Temperature and CO2 concentration measurements in the exhaust stream of a liquid-fueled combustor using dual-pump coherent anti-Stokes Raman scattering (CARS) spectroscopy

Single-shot, dual-pump coherent anti-Stokes Raman scattering (CARS) measurements of N₂ and CO₂ were performed in the exhaust stream of a swirl-stabilized JP-8-fueled combustor under sooting conditions. The combustor is designed to study particulate formation and particle-size distributions for different flame conditions and therefore is operated at near-stoichiometric overall fuel-air ratios. Various jet fuels and additive concentrations were studied. These conditions pose a significant challenge for temperature measurements using standard N₂ CARS due to strong flame emission and absorption of the CARS signal by the C₂ Swan band. With the dual-pump CARS technique employed in this study, the N₂ CARS signal is generated at a wavelength (496 nm) that is not absorbed by C₂, and concentration measurements of CO₂ can be performed.

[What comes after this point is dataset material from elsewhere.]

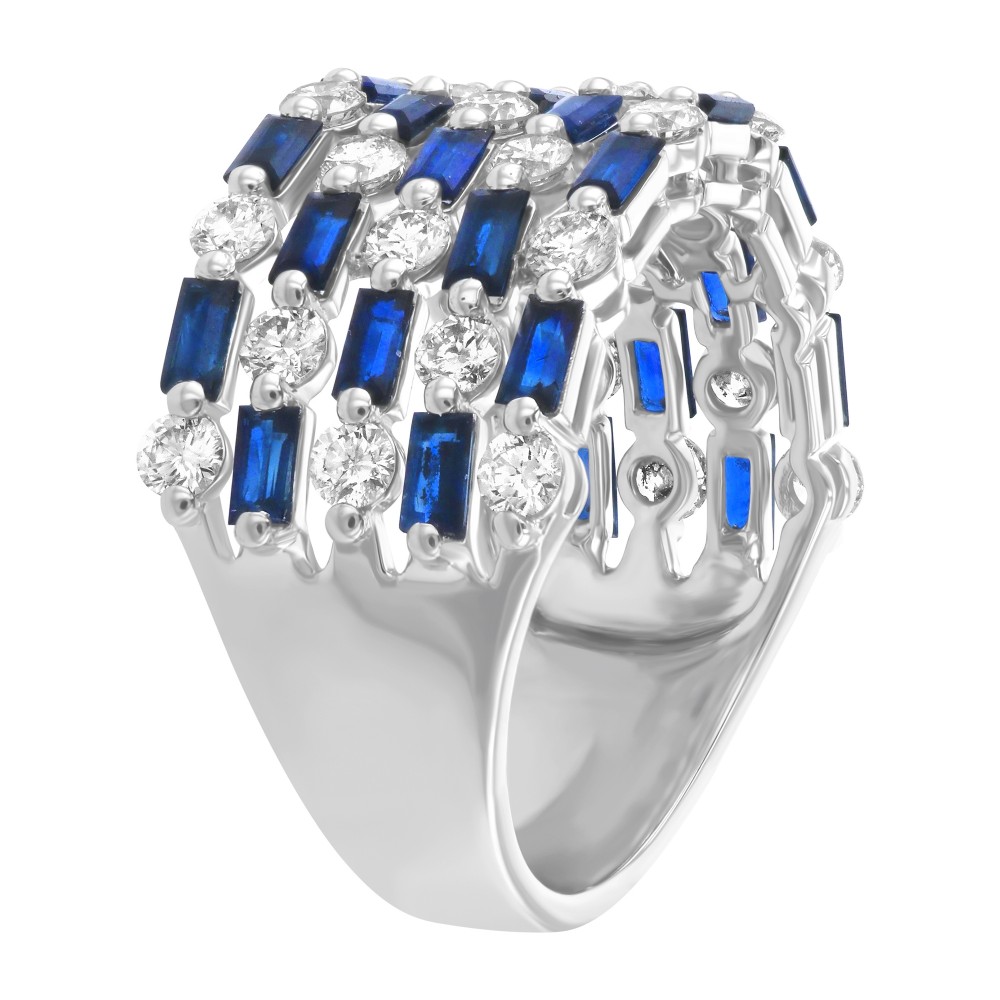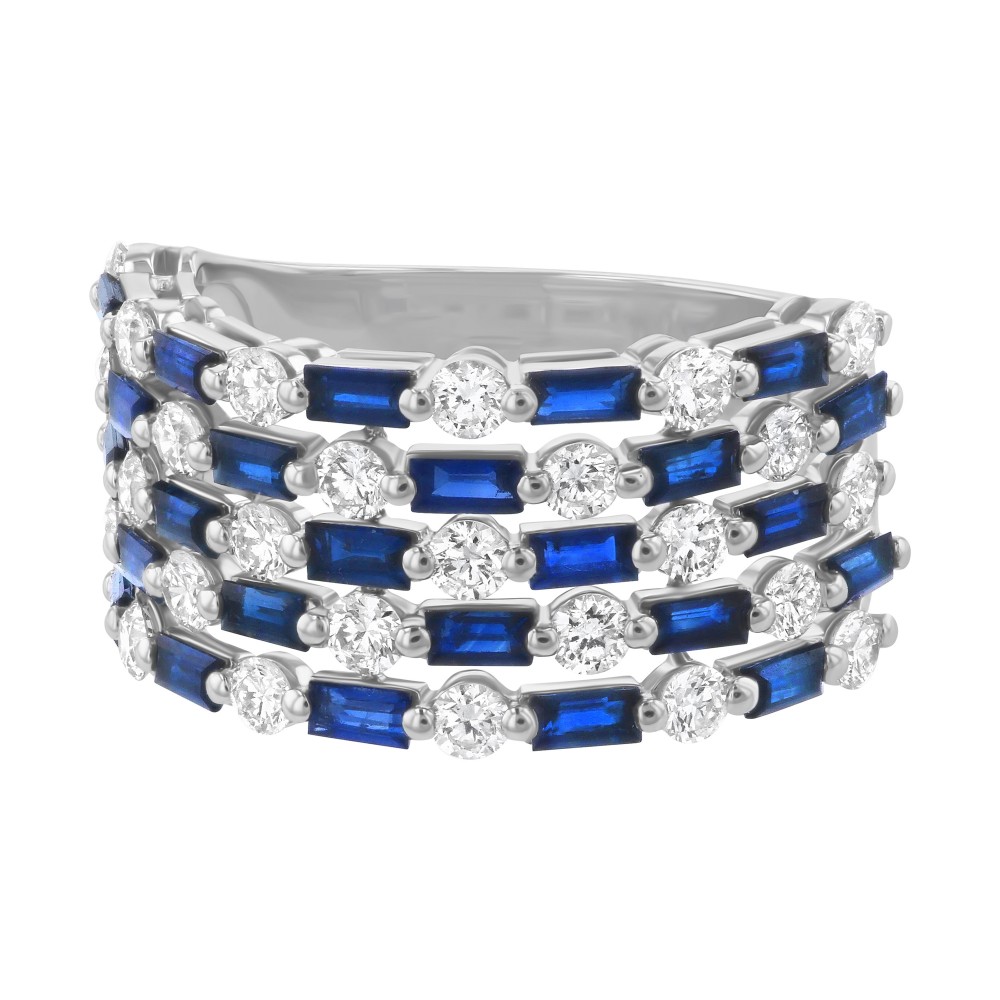 14K white gold wide multi row ring set with 1.30 ct. white round diamonds and 2.00 ct. baguette blue sapphires.

The standard deviations of the single-shot temperature measurements were approximately 3-4% of the mean values for equivalence ratios ranging from 0.4 to 1.1, whereas those of the single-shot CO₂ concentration measurements were between 9 and 20% of the mean values. Previous single-shot temperature and CO₂ concentration measurements using dual-pump CARS in this liquid-fueled combustor were limited to an equivalence ratio of 0.45, with standard deviations in temperature of about 5-6% of the mean value of 1143 K (Lucht et al., AIAA J. 41 (4) (2003) 679-686). The current study demonstrates a significant improvement in the applicability of single-shot CARS temperature and CO₂ concentration measurements to practical, swirl-stabilized combustors under sooting conditions.